# [Recorded information]

━━━━━━━━

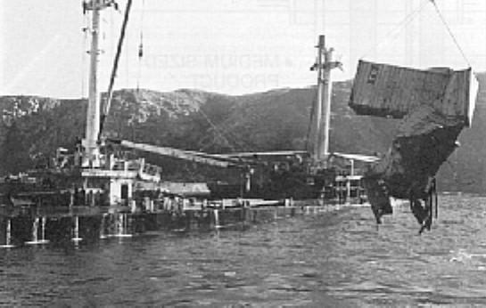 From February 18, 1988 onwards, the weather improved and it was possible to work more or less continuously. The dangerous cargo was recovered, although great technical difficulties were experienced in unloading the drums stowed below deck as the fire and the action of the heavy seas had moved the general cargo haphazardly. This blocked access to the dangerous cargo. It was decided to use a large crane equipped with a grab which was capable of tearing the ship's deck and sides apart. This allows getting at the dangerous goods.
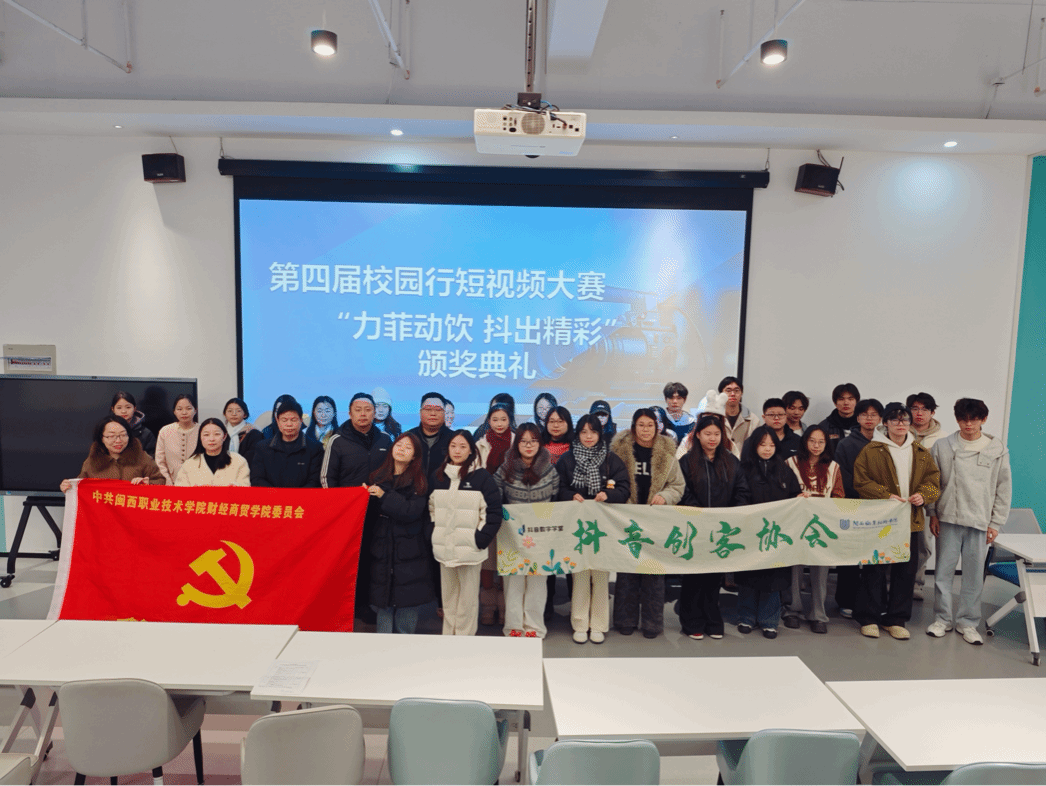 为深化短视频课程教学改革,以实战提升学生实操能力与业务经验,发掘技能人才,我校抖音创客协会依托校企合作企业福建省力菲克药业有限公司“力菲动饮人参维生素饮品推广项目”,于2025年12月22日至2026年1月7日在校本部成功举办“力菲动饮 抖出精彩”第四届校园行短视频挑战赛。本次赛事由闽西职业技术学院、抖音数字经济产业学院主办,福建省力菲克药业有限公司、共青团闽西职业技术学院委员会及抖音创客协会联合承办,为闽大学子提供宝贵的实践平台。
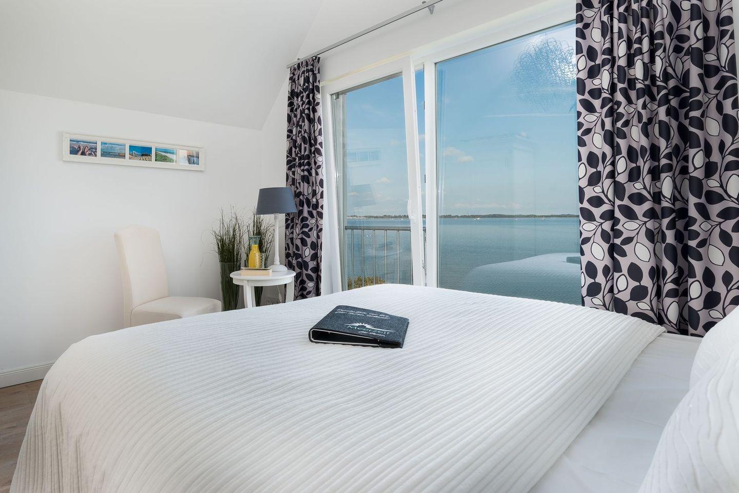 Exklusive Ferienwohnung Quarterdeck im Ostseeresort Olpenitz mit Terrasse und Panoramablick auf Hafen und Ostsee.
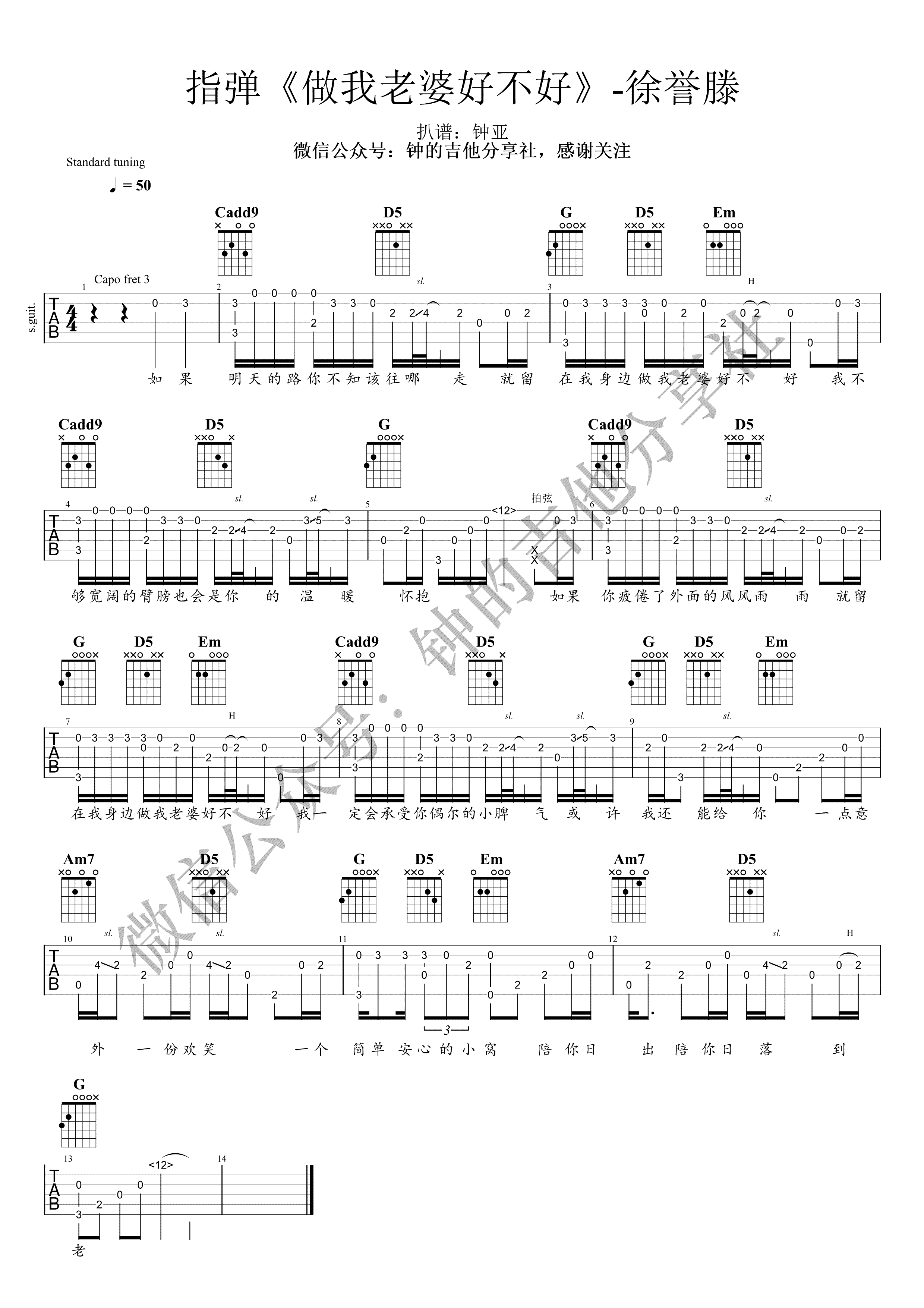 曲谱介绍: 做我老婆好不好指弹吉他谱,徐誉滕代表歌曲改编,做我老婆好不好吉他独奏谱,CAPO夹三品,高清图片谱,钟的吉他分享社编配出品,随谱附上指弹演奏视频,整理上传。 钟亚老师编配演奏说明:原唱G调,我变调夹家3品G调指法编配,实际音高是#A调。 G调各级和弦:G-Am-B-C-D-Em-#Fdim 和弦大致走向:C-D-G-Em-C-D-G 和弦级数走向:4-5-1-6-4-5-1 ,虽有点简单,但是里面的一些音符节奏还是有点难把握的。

━━━━━━━━

# [Problem to solve]
Once the pictures are set aside, give the rest of the material again unchanged.

# [Answer section]
 From February 18, 1988 onwards, the weather improved and it was possible to work more or less continuously. The dangerous cargo was recovered, although great technical difficulties were experienced in unloading the drums stowed below deck as the fire and the action of the heavy seas had moved the general cargo haphazardly. This blocked access to the dangerous cargo. It was decided to use a large crane equipped with a grab which was capable of tearing the ship's deck and sides apart. This allows getting at the dangerous goods.
 为深化短视频课程教学改革,以实战提升学生实操能力与业务经验,发掘技能人才,我校抖音创客协会依托校企合作企业福建省力菲克药业有限公司“力菲动饮人参维生素饮品推广项目”,于2025年12月22日至2026年1月7日在校本部成功举办“力菲动饮 抖出精彩”第四届校园行短视频挑战赛。本次赛事由闽西职业技术学院、抖音数字经济产业学院主办,福建省力菲克药业有限公司、共青团闽西职业技术学院委员会及抖音创客协会联合承办,为闽大学子提供宝贵的实践平台。
 Exklusive Ferienwohnung Quarterdeck im Ostseeresort Olpenitz mit Terrasse und Panoramablick auf Hafen und Ostsee.
 曲谱介绍: 做我老婆好不好指弹吉他谱,徐誉滕代表歌曲改编,做我老婆好不好吉他独奏谱,CAPO夹三品,高清图片谱,钟的吉他分享社编配出品,随谱附上指弹演奏视频,整理上传。 钟亚老师编配演奏说明:原唱G调,我变调夹家3品G调指法编配,实际音高是#A调。 G调各级和弦:G-Am-B-C-D-Em-#Fdim 和弦大致走向:C-D-G-Em-C-D-G 和弦级数走向:4-5-1-6-4-5-1 ,虽有点简单,但是里面的一些音符节奏还是有点难把握的。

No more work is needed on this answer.